We reached Yangtse town and lunched at Crickets place. She
was adorable as ever in her cropped haircut. After that Becky went to work by circumambulating
Chorten Kora 21 times as I joined her for a few then rested on a bench amongst the
overgrown sunflowers, and marigolds. The whitewashed Chorten was splattered
against an electric blue sky as a mild breeze was carried by the Kulongchu.

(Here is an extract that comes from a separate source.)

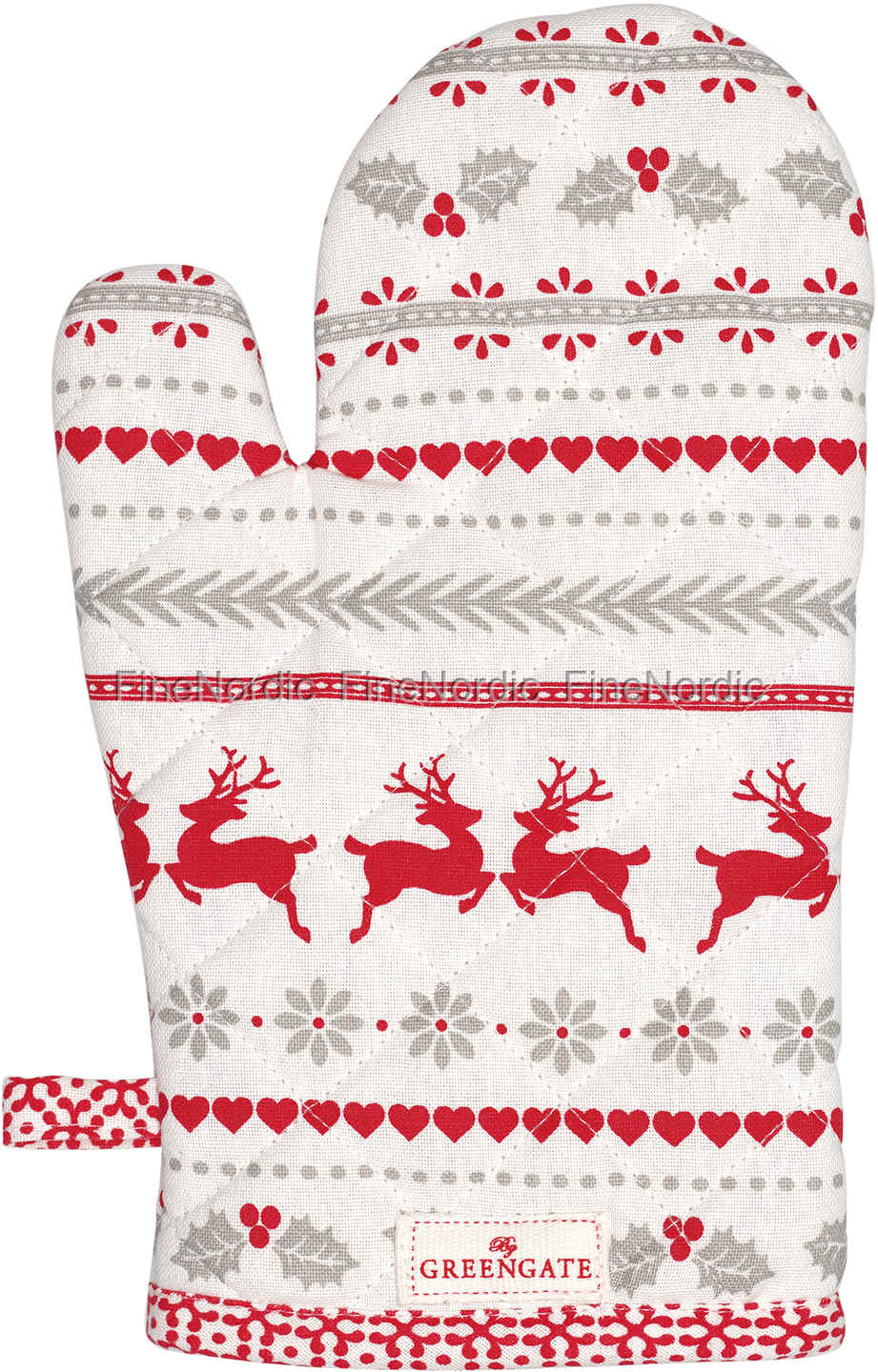 Wer liebt es denn nicht Plätzchen während der Weihnachtszeit zu backen!? Kaufen Sie dsich den nützlichen Grillhandschuh von GreenGate namens Ivy White und Sie werden sich bei Backen nicht mehr Ihre Hände verbrennen. Der Handschuh hat eine perfekte Größe und hat eine schöne Schnur auf der einen Seite, so dass man ihn in Ihrer Küche aufhängen kann. Sein rotes und graues Design, das Herz, Tupfen, Blumen, Rentiere und vieles mehr enthält, sieht sehr festlich aus und macht den Handschuh perfekt, um leckere, hausgemachte Weihnachtsplätzchen aus dem Ofen holen. Genießen Sie das weihnachtliche Backen und Kochen mit diesem Ivy White Grillhandschuh.

Even a postcard could not capture the perfection of the scene as it was a day
torn right out of the guide book with the serene eyes of Buddha watching over
the scene. In the golden afternoon light we moved on to the old Yangtse Dzong
where things took a turn for the magical. The old Dzong was constructed by Pema
Lingpa and company at the same time as Trashigang. The Dzong had no written
plans and no nails were used in the miraculous architectural feat. The original
Trashiyangtse Dzong is perched on a hillock at the nexus of an endless
wilderness. Below the Dzong is a mighty Cypress that overlooks the river and verdant
valley tucked into a smothering forest. This is the old trade route between
Tibet and Bhutan and the Rodung La trek which connects Yangtse to Bumthang via
Lhuntse. There are said to be many ghost in this remote part of Bhutan. We breezed through the regal courtyard and
into the ancient edifice. The cherry wood floors were exquisite and we ascended
steep ladder stairs up several levels reaching an interior alter room. In that
room we bumped into a group of monks accompanying the Trashigang governor and
his compatriots. On display was a rare statue of the god of compassion with its
thousand arms. We got a blessing of holy water from a chalice before leaving
the sanctum. Once in the courtyard we preceded to the main Lhakang an eloquent room
where we lit butter lamps. A young monk frantically searched for reserve lamps
for the governor who was on our heels. The butter lamps we lit were earmarked
for the distinguished guests but in this temple we all were treated with equal
compassion, dignity, and grace. The sun plunged beneath the pine crest ridge
illuminating a northern pinnacle in glittering gold. We hopped back in the taxi
and made the run back to Trashigang in about two hours flat. That night we found
a stairway to heaven and climbed into the upper reaches of the horseshoe valley
above the town. A rare appearance of stars twinkled above the silhouetted trees
and the Milky Way stretched across the Himalayan sky. But these stars seemed
far away and out of reach. They vibrated in tiny frequencies from another
universe or dimension like T.V’s flickering in roadside motel windows. We couldn’t help ask ourselves if they really
existed at all, or for that matter did we?
Afterschool on Monday I wandered up to Zongdopelri where
Rinchen Wangmo was harvesting rice in a bamboo sifter. It was the clearest day
in Bhutan revealing two glacial peaks beyond Tawang. I have only glimpsed them
twice before and couldn’t believe what I was seeing, two Himalayan toppers like
diamonds eclipsed by my thumb. But there they were the throne of the gods, the
far eastern link in the chain that stretches from Pakistan, Nepal, Tibet, Bhutan,
to Arrunachal Pradesh. From my bonpo meadow the inner Himalaya sprawled in each
direction with countless peaks, ridges, and slopes with every conceivable
contour, the crown jewel, the dragon tail, the honeycomb and everything
between. Flocks of ravens soared in the four directions in esoteric formations
while prayer flags flapped in a crystal sky. It is god’s country if there is
such a thing.
Monk at Trashiyangtse Dzong, May |
Meme AKA Becky's Mountain |
When you finally discover if there is such a thing let us know dear author. Love you bra. Great post and descriptions of the intricate temples and countryside you explore. Can't wait to come do some with you in a few months!!!!